The conference, the first one ever put on by Gotham Writers Workshop, was a two-day event. The first day, the only one I was able to attend, was open to everyone who felt like paying and attending. It consisted of five panels and talks, as well as a happy hour at the end.
I really enjoyed the first panel, consisting of four authors discussing their writing journey in the hopes of giving encouragement to all the aspiring writers in the audience.
The second talk was on rejection, and it was given by Kim Liao. You may know her as the author of the 100 rejections piece on LitHub — I know I did. It was a really interesting discussion, and included some audience participation, wherein Liao asked everyone to write down goals for the future, both far out goals (several months away) and ones that could be accomplished within a week.
That was a really cool exercise, especially for someone like me, who’s prone to make big, impossible-to-achieve goals and then be wildly disappointed when, shockingly, I’m unable to finish a 50,000 word novel in three days (gasp!)
I had broad goals for the upcoming year, including vague things like “get back into essays” and “submit poetry.” The exercise allowed me to narrow them down and say things like, “over the next six months, I will do these four things to achieve my goals.”
I’m proud to say that I’ve already made progress on one of those four steps — I wanted to write two new essays by April, because personal essays are a medium I love but have recently fallen out of practice with. And since the conference, I’ve already written one essay (and submitted it to a publication!).
In addition, I’ve submitted two poems to a literary journal. I don’t know that the motivation to do so came directly from the conference, but I do know the experience got me back in the right mindset.
After lunch came a panel featuring four literary agents called “What we talk about when we talk about you,” and it was like getting a behind-the-scenes snapshot of an agent’s life, specifically how their jobs relate to the publishing lives and careers of authors.
Much of what we learned during the agent panels was a rehash of what I learned through trawling the internet for information on querying and life-after-being-agented. But it was encouraging to have that information seconded by actual professionals.
At the beginning of the conference, I sat down at the back of the room and started chatting with the woman next to me, Alden Speake Cayse. She was signed up for both days, and since I didn’t get to the second day, I followed up with her about it.

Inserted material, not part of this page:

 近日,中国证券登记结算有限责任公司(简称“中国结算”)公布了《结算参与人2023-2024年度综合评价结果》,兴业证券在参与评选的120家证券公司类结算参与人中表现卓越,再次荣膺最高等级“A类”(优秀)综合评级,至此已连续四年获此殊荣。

A huge takeaway for Cayse from day two was how frank the agents were in their feedback. The way that day was set up was people were assigned to tables by age category and genre, and each table had three agents who spent the first few hours critiquing everyone’s query, and the few hours after lunch critiquing their first two pages.

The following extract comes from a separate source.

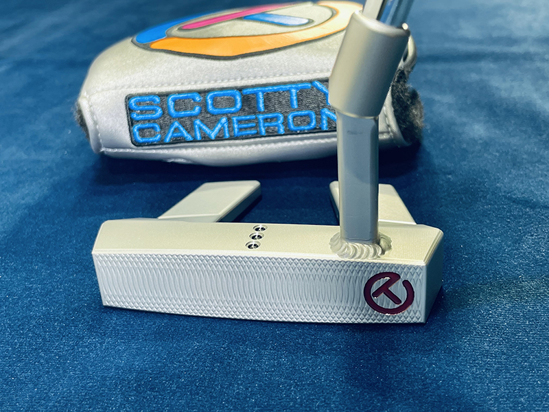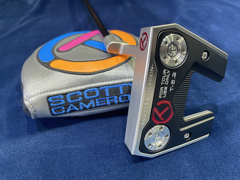 バックキャビティに3ボンブ。ヒールボンブにサークルT。フェースヒールにサークルT。ソールにサークルT、SCOTTY CAMERON 、T-5.2、FOR TOUR USE ONLY。サークルTウェイト20g。トップラインにカスタムアローアライメントマーク。 グリップ : Circle-T full-contact Black/White ヘッドカバー : Stick Figure Circle-T Charcoal/Pink/Blue/Orange Mid-Round

She learned several key points about the querying process, including to make sure the query’s tone and style matches that of the manuscript.
The way Cayse described the conference as a whole was as though it had “lifted the curtain and allowed me to see how publishing works—from writing a manuscript, to getting an agent, to what happens to that writer post-agent—in a way I hadn’t been able to before.”
Ultimately, I wish I could have gone to day two of the conference; that was a big selling point, how unique it was going to be. However, my book wasn’t ready (it still isn’t), and I didn’t have time to rush to finish it.
The first day was worth it because I got to meet a fellow writer and listen to authors and agents discuss aspects of this business that I hope to be a part of someday, and because, as Cayse said, it was a great behind-the-scenes look at how things really work.